[Data shown]
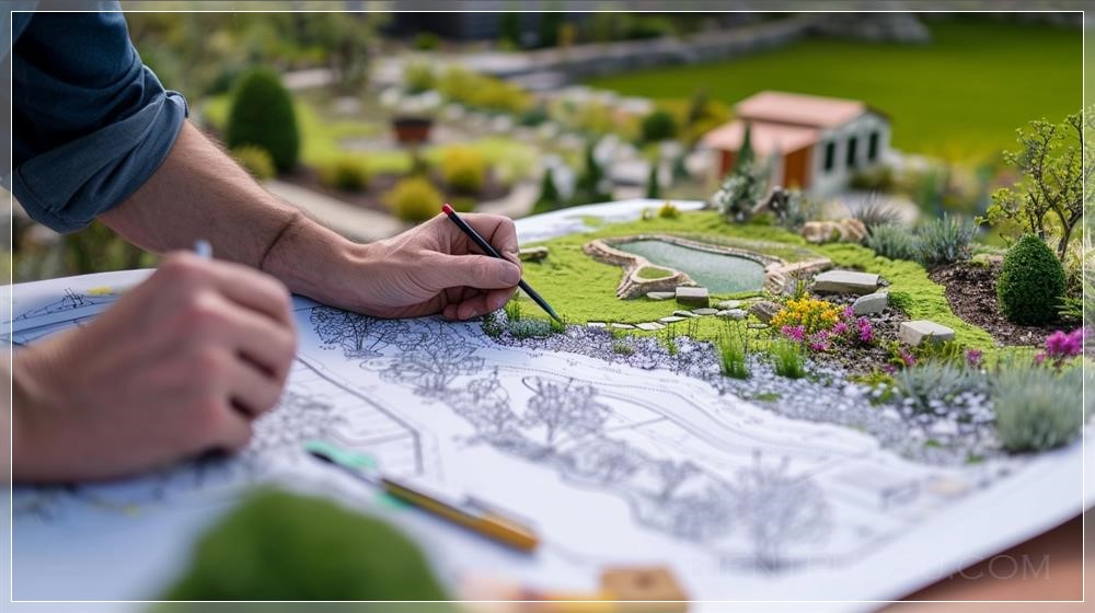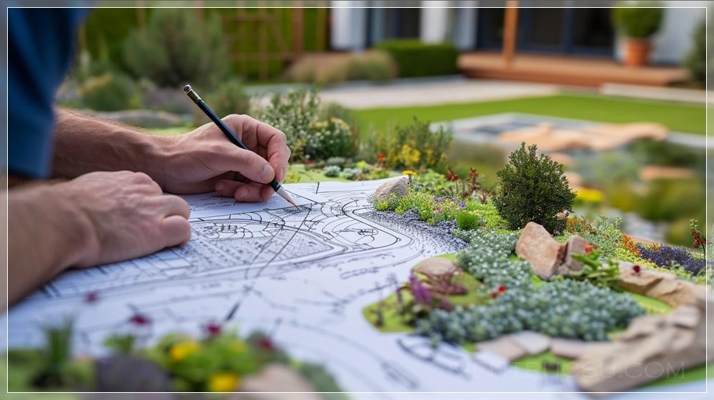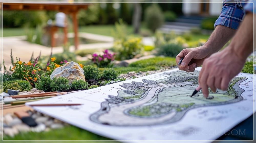 Imaginez une scène réaliste et engageante où un paysagiste concepteur professionnel est en pleine consultation personnalisée avec un client dans un jardin. Le paysagiste, équipé de plans et de croquis, discute activement avec le client, pointant vers différentes zones du jardin. Le jardin doit refléter un espace en cours de transformation, avec des zones déjà aménagées et d'autres encore en projet. Incluez des éléments comme un coin fleuri coloré, un espace de verdure tranquille, et peut-être un petit plan d'eau ou une sculpture de jardin. L'arrière-plan devrait montrer une maison résidentielle, soulignant le contexte d'un projet de paysagisme domestique. La lumière du jour doit être douce et chaleureuse, évoquant une atmosphère accueillante et créative. L'image doit capturer l'essence de la collaboration et de la personnalisation dans le processus de conception de paysages. --ar 16:9 --v 6.0
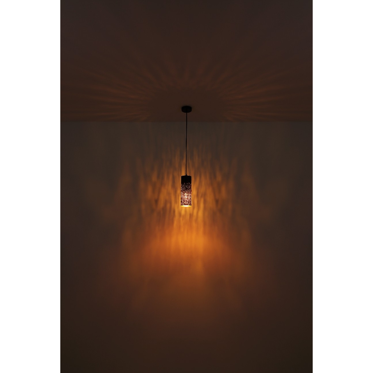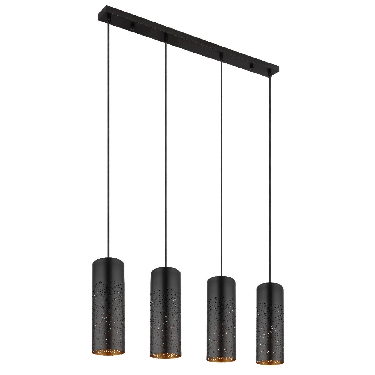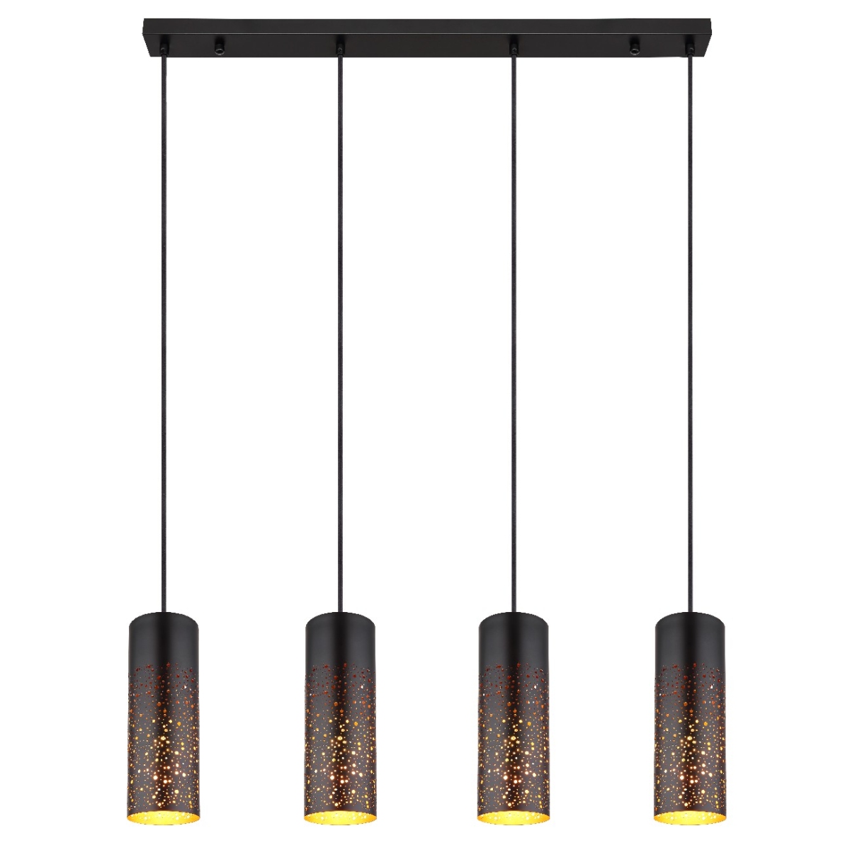 Ova visilica serije CROCKY izrađena je od crnog metala i cilindričnih stakala sa ukrasnim perforacijama (Ø 10). Četiri kabla dužine 1.5 m idu od plafonskog nosača dužine 80 cm, svaki sa grlom E27, koja su prekrivena oblikovanim abažurima. E27 grlo vam omogućava da sami odredite boju svetla i jačinu do maksimalne snage od 40W. Zbog dugovečnosti i uštede energije preporučujemo vam LED sijalice.
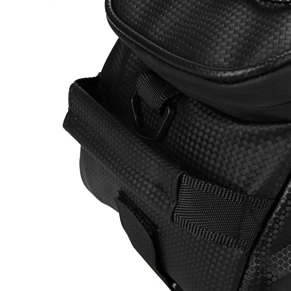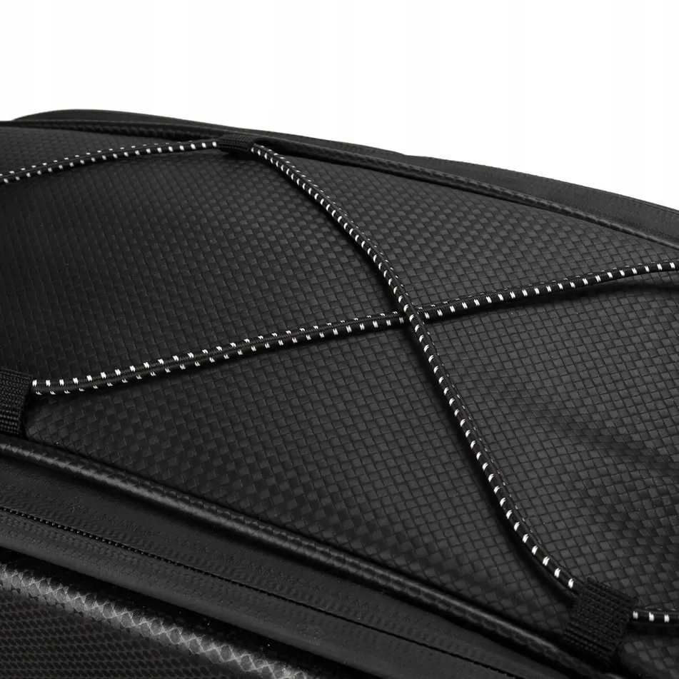 - Czarna torba z teksturą włókna węglowego wygląda nowocześnie i elegancko. Doskonale komponuje się z każdym rowerem i strojem, łącząc funkcjonalność z estetyką. ??
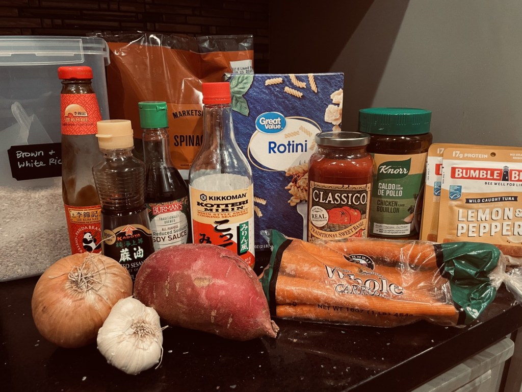 Keep in mind my go to dishes are Asian, Mexican, Italian, and sometime Mediterranean. It’ll look different for anyone. These are my go to ingredients that I must restock on if running low. This eases my mind so I don’t have to think twice about what I need and it’s flexible enough that I can make a wide variety of dishes with these limited ingredients.
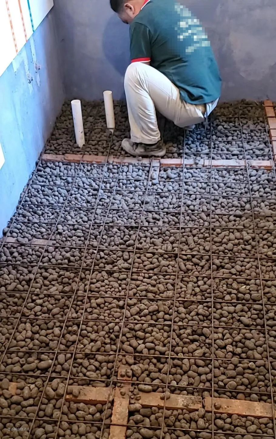 地漏的管道比较细,也不太怕堵,楼板上浅浅挖个槽,管子就拉过去了,改位置相对容易一些,尽量移到淋浴区下面,排水更流畅。
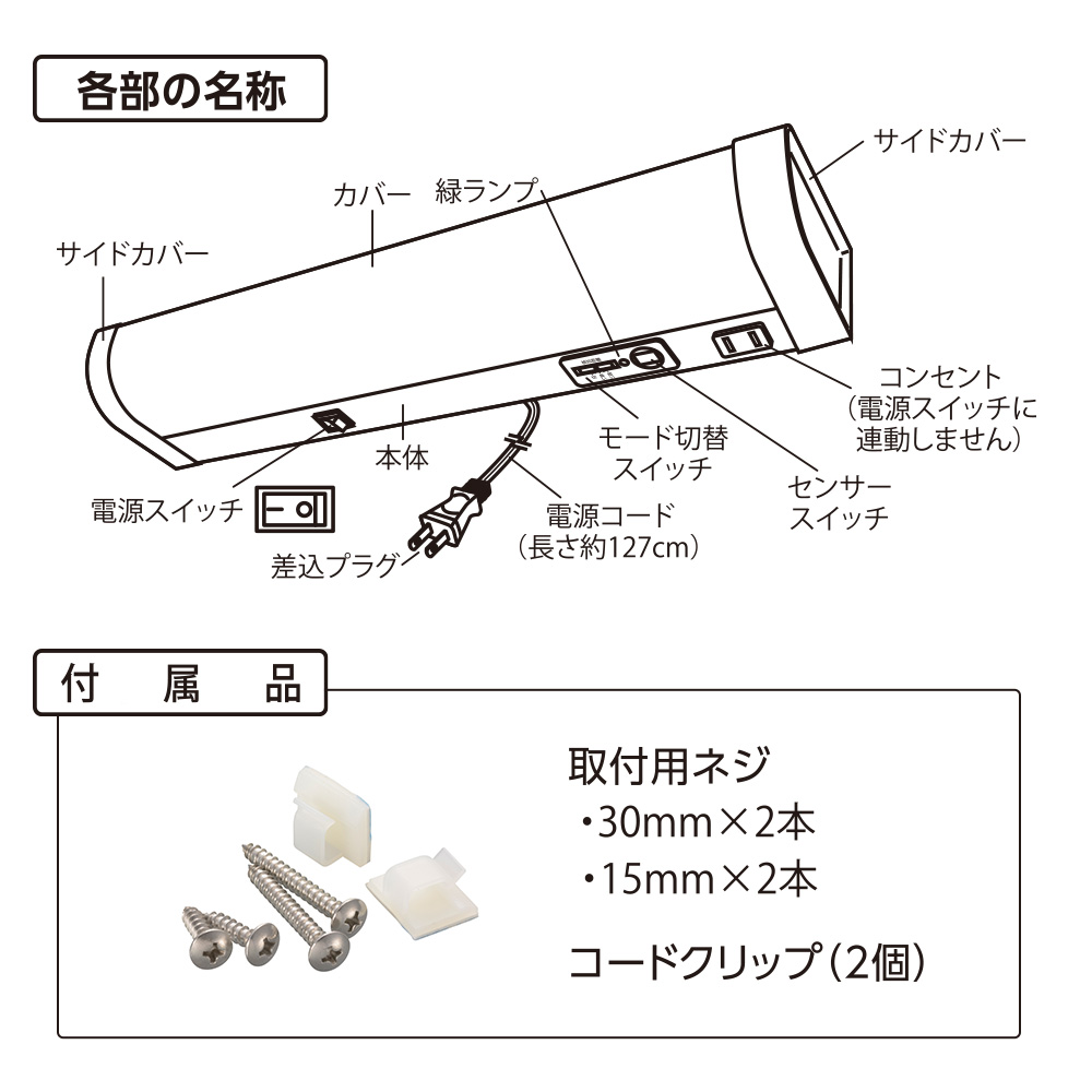 ■ 付属品:取付用ネジ(30mm×2本、15mm×2本)、コードクリップ(2個)

[Task] Line by line, give the material above again exactly, but without any pictures.

[Output]
 Imaginez une scène réaliste et engageante où un paysagiste concepteur professionnel est en pleine consultation personnalisée avec un client dans un jardin. Le paysagiste, équipé de plans et de croquis, discute activement avec le client, pointant vers différentes zones du jardin. Le jardin doit refléter un espace en cours de transformation, avec des zones déjà aménagées et d'autres encore en projet. Incluez des éléments comme un coin fleuri coloré, un espace de verdure tranquille, et peut-être un petit plan d'eau ou une sculpture de jardin. L'arrière-plan devrait montrer une maison résidentielle, soulignant le contexte d'un projet de paysagisme domestique. La lumière du jour doit être douce et chaleureuse, évoquant une atmosphère accueillante et créative. L'image doit capturer l'essence de la collaboration et de la personnalisation dans le processus de conception de paysages. --ar 16:9 --v 6.0
 Ova visilica serije CROCKY izrađena je od crnog metala i cilindričnih stakala sa ukrasnim perforacijama (Ø 10). Četiri kabla dužine 1.5 m idu od plafonskog nosača dužine 80 cm, svaki sa grlom E27, koja su prekrivena oblikovanim abažurima. E27 grlo vam omogućava da sami odredite boju svetla i jačinu do maksimalne snage od 40W. Zbog dugovečnosti i uštede energije preporučujemo vam LED sijalice.
 - Czarna torba z teksturą włókna węglowego wygląda nowocześnie i elegancko. Doskonale komponuje się z każdym rowerem i strojem, łącząc funkcjonalność z estetyką. ??
 Keep in mind my go to dishes are Asian, Mexican, Italian, and sometime Mediterranean. It’ll look different for anyone. These are my go to ingredients that I must restock on if running low. This eases my mind so I don’t have to think twice about what I need and it’s flexible enough that I can make a wide variety of dishes with these limited ingredients.
 地漏的管道比较细,也不太怕堵,楼板上浅浅挖个槽,管子就拉过去了,改位置相对容易一些,尽量移到淋浴区下面,排水更流畅。
 ■ 付属品:取付用ネジ(30mm×2本、15mm×2本)、コードクリップ(2個)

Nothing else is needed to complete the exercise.